My definition of resultant velocity:
If a certain object, at some instant of time, moves with speed $v_x$ in the x-direction, and with speed $v_y$ in the y-direction, then it has a resultant velocity which is the hypotenuse of the triangle formed by the two vectors: one in pure x-direction with magnitude $v_x$ and the other in purely y-direction with magnitude $v_y$.
Thus, $v_x$ and $v_y$ are components of the resultant velocity vector.
One way to represent how the three vectors relate in magnitude is by the classic Pythagorean theorem: (1) $$v_{res}^2 = v_x^2 + v_y^2$$
However, the object's position also follows the Pythagorean theorem (for ease-of-calculation let's say at $t = 0$, the object is at the origin, yielding: $$r(t)^2 = x(t)^2 + y(t)^2$$
Differentiating with respect to $t$ on both sides, and re-arranging yields: $$ r\dot r = x\dot x + y\dot y $$(2) $$ \dot r = v_{res} = \frac{x\dot x + y\dot y}r$$
Of course (1) and (2) are not equivalent - but if they are both derivations for the resultant velocity of an object - why are they not the same? I suspect that the two setups are representing different scenarios (like the first one is a simple relative speed problem and the latter is a related rates problem involving, perhaps, 2 objects).
They are not the same in general because derivative of the norm is not the same as norm of the derivative.
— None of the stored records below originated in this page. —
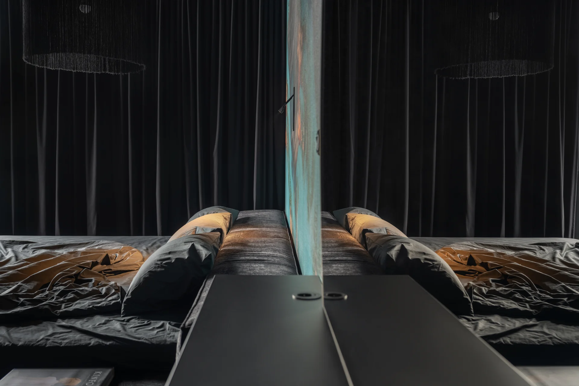 - Комплектація об’єкта меблями: Розміщено всі окремо стоячі предмети меблів, які були частиною початкової концепції, зокрема кутовий диван Svay від Interia, стіл Plissé Table та ліжко Pavarotti.
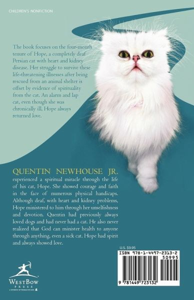 The book focuses on the four-month tenure of Hope, a completely deaf Persian cat with heart and kidney disease. Her struggle to survive these life-threatening illnesses after being rescued from an animal shelter is offset by evidence of spirituality from the cat. An alarm and lap cat, even though she was chronically ill, Hope always returned love.
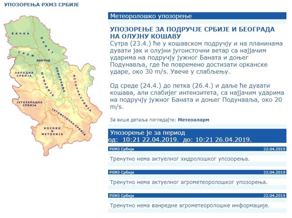 Od srede do petka (25.04.) i dalje će duvati košava ali slabijeg intenziteta, sa najjačim udarima na podrčju južnog Banata i donjeg Podunavlja, oko 20 m/s, navodi se u saopštenju.
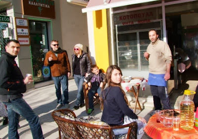 Καταστηματάρχες σε διάφορα σημεία της Αλεξάνδρειας κερνάνε μεζέδες, κρασί και γλυκά σε φίλους, πελάτες και περαστικούς.
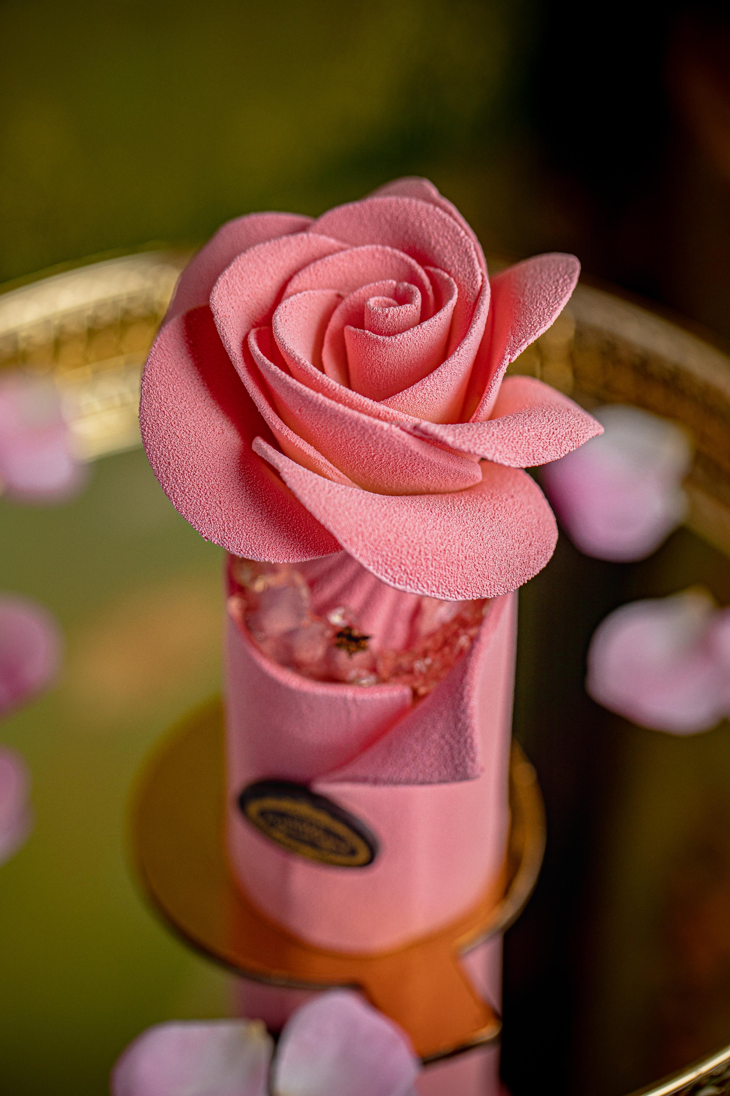 Макарон «Фиалка», выпеченный с двойным кремом, украшен миниатюрными цветками. «Королевская роза» — это миндальный бисквит, малина и конфи каркаде под куполом белого шоколада; в центре — ванильный ганаш с темным шоколадом.
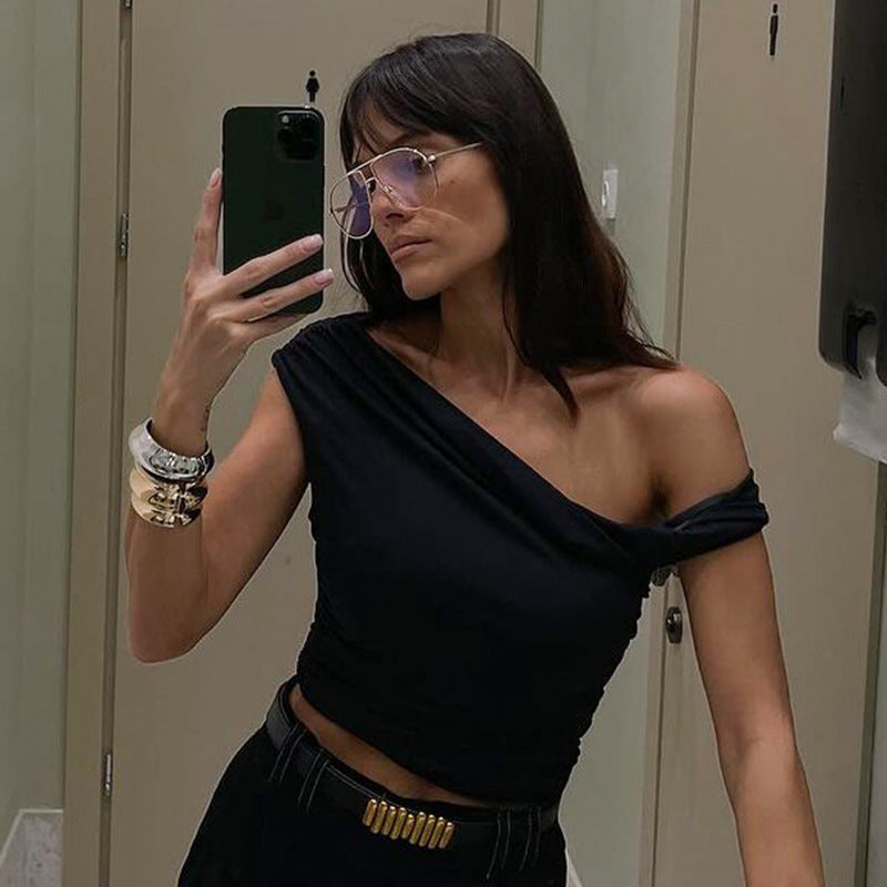 Women Clothing Summer Sexy One Shoulder Cold Shoulder Twist Design Pleated Slim T shirt

Speed $v$ is the norm of the velocity vector $\vec{v}$, i.e. $$v = \|\vec{v}\| = \left\|\frac{d}{dt}\vec{r}\right\|= \|(\dot{x},\dot{y})\| = \sqrt{\dot{x}^2+\dot{y}^2}$$ Your second concept is the derivative of the norm of the position vector $\vec{r}$, i.e. $$\dot{r} = \frac{dr}{dt} = \frac{d}{dt} \|\vec{r}\| = \frac{d}{dt}\|(x,y)\|=\frac{d}{dt}\sqrt{x^2+y^2}.$$
For a simple example, consider a circular motion given by $\vec{r}(t) = (\cos t, \sin t)$. The velocity is $$\vec{v}(t) = (-\sin t,\cos t) \implies v = \|v\| = 1.$$ Your other concept is $$r = \|\vec{r}\| = 1 \implies \dot{r} = 0$$ so clearly $v \ne \dot{r}$.
It is interesting to see that it always holds $\dot{r} \le v$. Namely, we have $$2r\dot{r}=\frac{d}{dt}(r^2) = \frac{d}{dt}\|\vec{r}\|^2 = \frac{d}{dt}(\vec{r}\cdot\vec{r}) = 2\dot{\vec{r}}\cdot \vec{r} = 2\vec{v}\cdot\vec{r}$$ and hence Cauchy-Schwartz inequality implies $$r\dot{r} = \vec{v}\cdot\vec{r} \le \|\vec{v}\|\|\vec{r}\| = vr \implies \dot{r} \le v.$$